If a record holds a picture, skip the picture but print everything else exactly.
____________
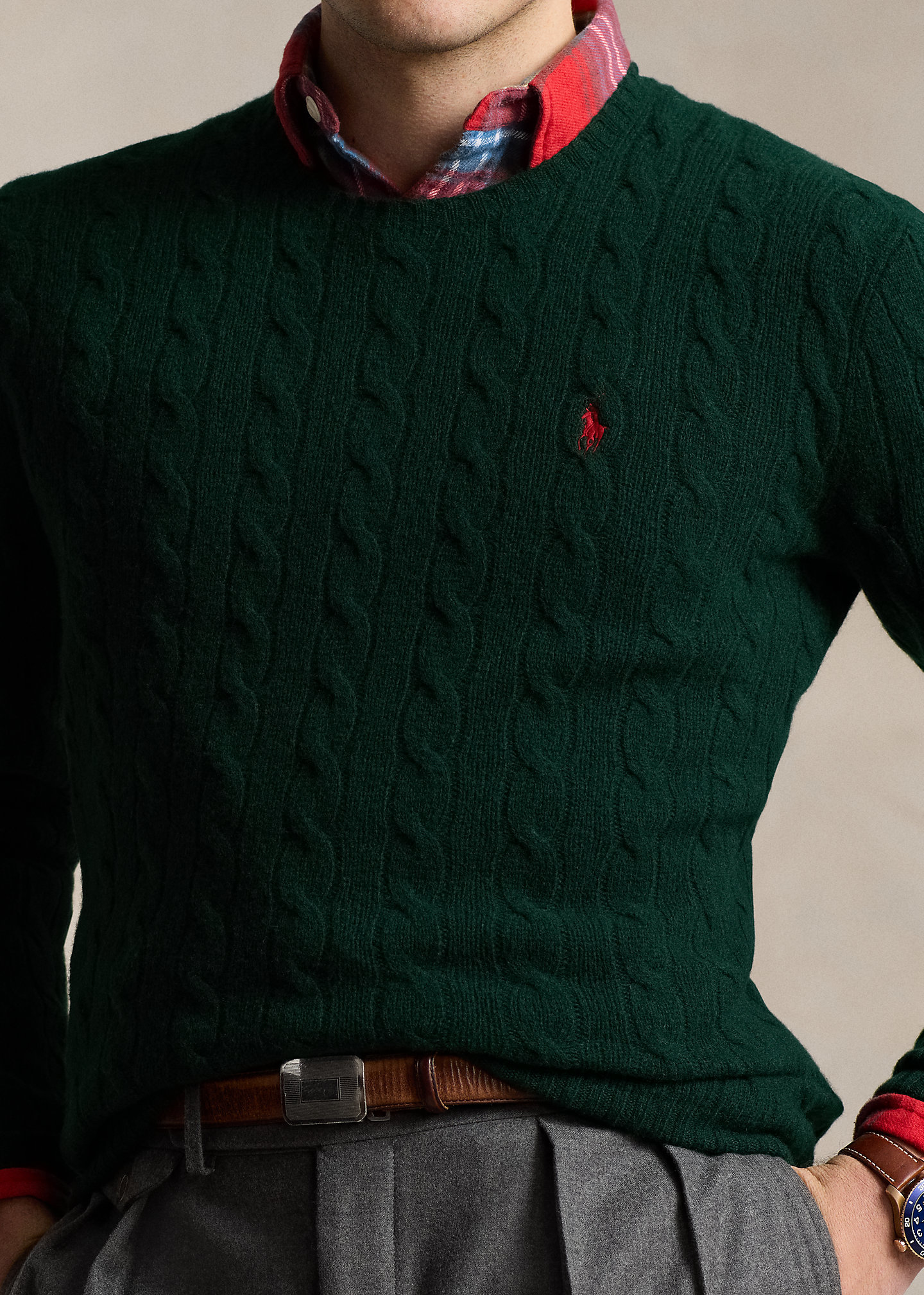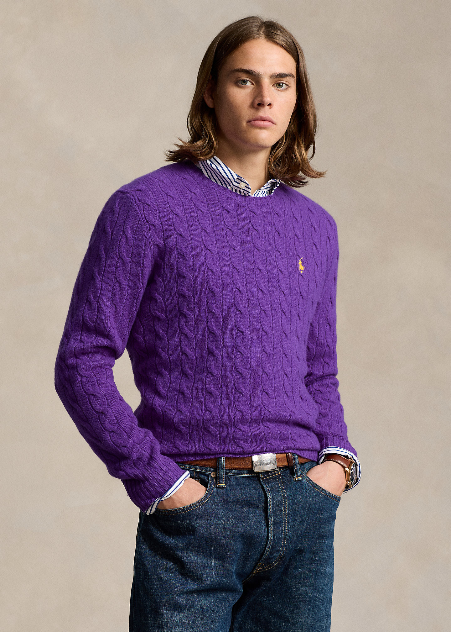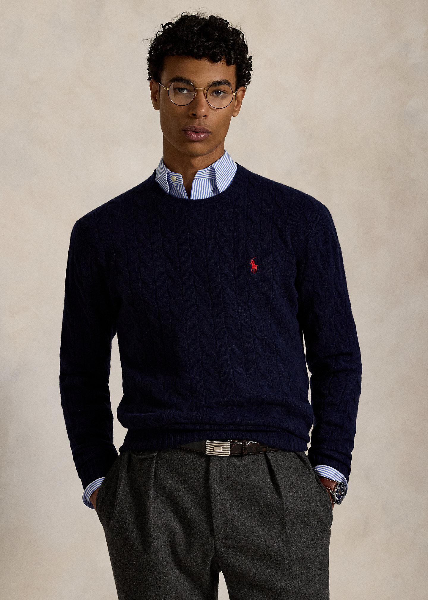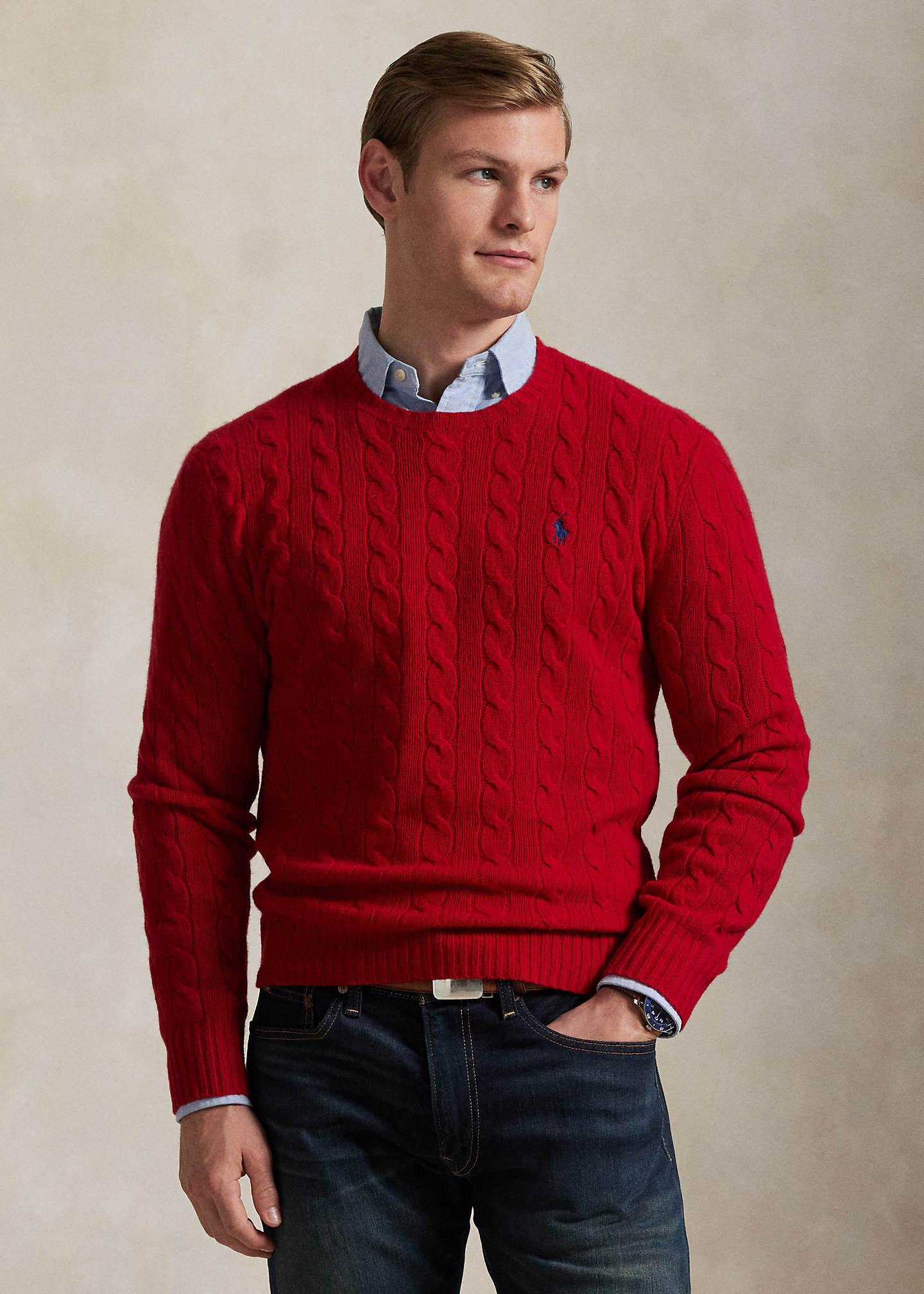 - 90% wool, 10% cashmere. Hand wash or dry clean. Imported.
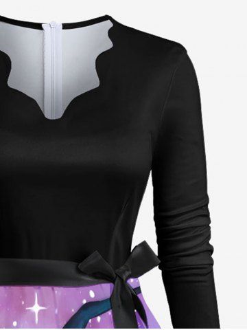 Dresses > Plus Size Christmas Stocking Wizard Light Galaxy Print Scalloped Neck A Line Dress with Tied Belt
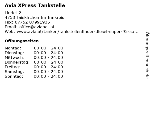 | Öffnungszeiten Avia XPress Tankstelle in Taiskirchen Im Innkreis anzeigen | |
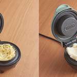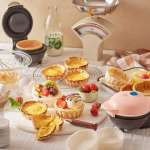 ミニココットサイズの食べられるお皿を作れる便利な調理家電。使い方は簡単で食材を挟んで焼くだけ。食パンを使ってキッシュに、ギョウザの皮を使ってタルトの生地に、お餅を使ってデザートのお皿に、など使える食材も豊富。アイデア次第で様々なメニューが作れる。
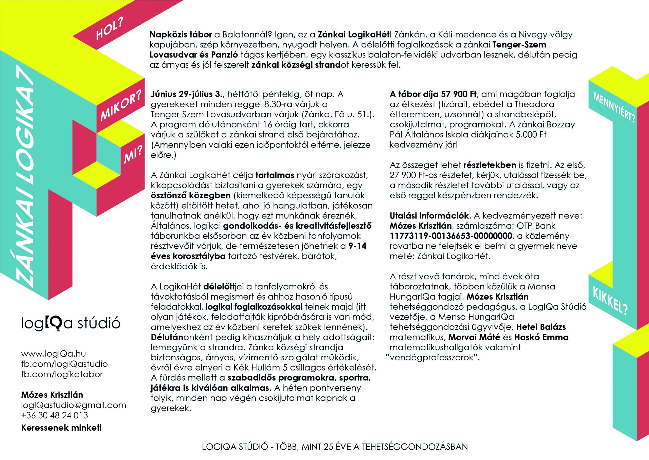 Napközis tábor a Balatonnál? Igen, ez a Zánkai LogikaHét! Zánkán, a Káli-medence és a Nivegy-völgy kapujában, szép környezetben, nyugodt helyen. A délelőtti foglalkozások a zánkai Tenger-szem Lovasudvar tágas, nyitott udvarán, a település szélén, a szőlők és a dombok közvetlen ölelésében lesznek, délután pedig az árnyas jól felszerelt zánkai községi strandot keressük fel.
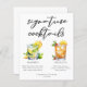 Dieses auf Seine & Hers rum basierende Cocktails-Menü bietet eine einfache schwarze Typografie über 2 Ihrer Lieblingsgetränke und deren Zutaten für Ihre Hochzeitsfeier an der Küste. Ein schicker Mojito und Mai Tai zeichnend ergänzen Ihr Bar-Menü um einen lustigen Flair. Füllen Sie bitte die Namen des Paares und das Datum für seinen Empfang aus.
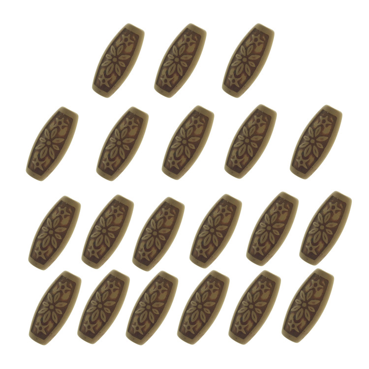 یک بسته 20 عددی مهره طرح دار کرم قهوه ای طرح چوب با ابعاد 1.3*3 سانتی متر.مناسب تزئین لباس و کارهای هنری مجسمه سازی عروسک سازی و ساخت بدلیجات گل سر تل سر دستبند گردنبند
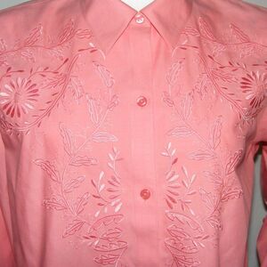 ORVIS Blouse, 16, Pink, Embroidered Front, Long sleeves, Button front
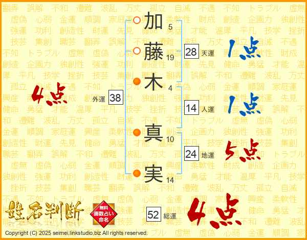 加藤木真実さんの総運は52画の4点!
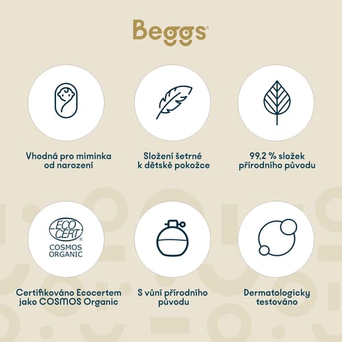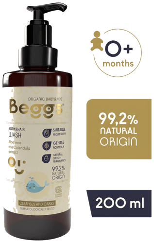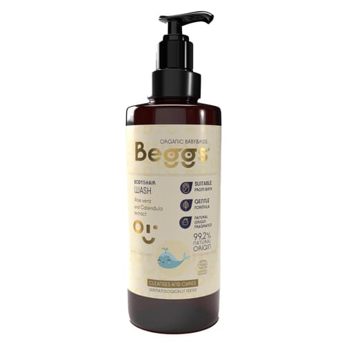 Beggs dětský sprchový gel na tělo i vlasy je šetrný nejen k citlivé pokožce Vašeho děťátka, ale i k jeho jemným vláskům. Obsahuje aloe vera šťávu, která podporuje hydrataci pokožky, vyživuje ji a chrání. Dále obsahuje extrakt z květu měsíčku lékařského, který má zjemňující a zvláčňující účinky.
____________
### Finished exercise
 - 90% wool, 10% cashmere. Hand wash or dry clean. Imported.
 Dresses > Plus Size Christmas Stocking Wizard Light Galaxy Print Scalloped Neck A Line Dress with Tied Belt
 | Öffnungszeiten Avia XPress Tankstelle in Taiskirchen Im Innkreis anzeigen | |
 ミニココットサイズの食べられるお皿を作れる便利な調理家電。使い方は簡単で食材を挟んで焼くだけ。食パンを使ってキッシュに、ギョウザの皮を使ってタルトの生地に、お餅を使ってデザートのお皿に、など使える食材も豊富。アイデア次第で様々なメニューが作れる。
 Napközis tábor a Balatonnál? Igen, ez a Zánkai LogikaHét! Zánkán, a Káli-medence és a Nivegy-völgy kapujában, szép környezetben, nyugodt helyen. A délelőtti foglalkozások a zánkai Tenger-szem Lovasudvar tágas, nyitott udvarán, a település szélén, a szőlők és a dombok közvetlen ölelésében lesznek, délután pedig az árnyas jól felszerelt zánkai községi strandot keressük fel.
 Dieses auf Seine & Hers rum basierende Cocktails-Menü bietet eine einfache schwarze Typografie über 2 Ihrer Lieblingsgetränke und deren Zutaten für Ihre Hochzeitsfeier an der Küste. Ein schicker Mojito und Mai Tai zeichnend ergänzen Ihr Bar-Menü um einen lustigen Flair. Füllen Sie bitte die Namen des Paares und das Datum für seinen Empfang aus.
 یک بسته 20 عددی مهره طرح دار کرم قهوه ای طرح چوب با ابعاد 1.3*3 سانتی متر.مناسب تزئین لباس و کارهای هنری مجسمه سازی عروسک سازی و ساخت بدلیجات گل سر تل سر دستبند گردنبند
 ORVIS Blouse, 16, Pink, Embroidered Front, Long sleeves, Button front
 加藤木真実さんの総運は52画の4点!
 Beggs dětský sprchový gel na tělo i vlasy je šetrný nejen k citlivé pokožce Vašeho děťátka, ale i k jeho jemným vláskům. Obsahuje aloe vera šťávu, která podporuje hydrataci pokožky, vyživuje ji a chrání. Dále obsahuje extrakt z květu měsíčku lékařského, který má zjemňující a zvláčňující účinky.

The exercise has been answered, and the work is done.